Syn posła, który służy w Siłach Zbrojnych Ukrainy, opowiedział, co go denerwuje w armii.
21.09.2024
2183

Dziennikarz
Szostal Oleksandr
21.09.2024
2183

Syn posła stał się wojownikiem na obronę Ukrainy
Vladislav Owczarenko, syn radnego z obwodu czernihowskiego, przez trzy lata mieszkał w Estonii i rozwijał swój biznes. Jednak wrócił na Ukrainę, aby bronić swojej ojczyzny. Obecnie jest dowódcą oddziału bezzałogowych systemów lotniczych w jednostce 'Signum' 93 Brygady Zmechanizowanej 'Holodny Jar'. W wywiadzie dla Online.UA Owczarenko opowiedział, co go nie satysfakcjonuje w armii.
Według Owczarenko irytuje go system nagród w Siłach Zbrojnych.
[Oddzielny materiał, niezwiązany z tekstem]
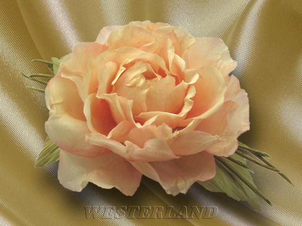 Ещё одна простая в реализации идея какие цветы можно сделать из атласной ленты – нежные пионы. Благодаря крупному формату лепестков такие головки делать просто, но украшение получается очень красивым. Зафиксировав бутон на резинке, можно сделать украшение для причёски. Если использовать булавку, получится красивая брошка.

Siedzę i zastanawiam się, kiedy w historii tego świata było możliwe osiągnięcie tak znaczących zwycięstw przy pomocy tylko niewielkiej grupy ludzi. Za to nie otrzymujemy żadnych nagród. Jesteśmy znani wrogowi, nasze informacje nie są chronione. Już nie wspominam o orderach, ważne jest, żeby nas zauważano i szanowano.
Wcześniej Vladislav opowiedział, że powodem jego powrotu z zagranicy i przejścia na front było zwycięskie głosowanie w sprawie zmiany Konstytucji Ukrainy.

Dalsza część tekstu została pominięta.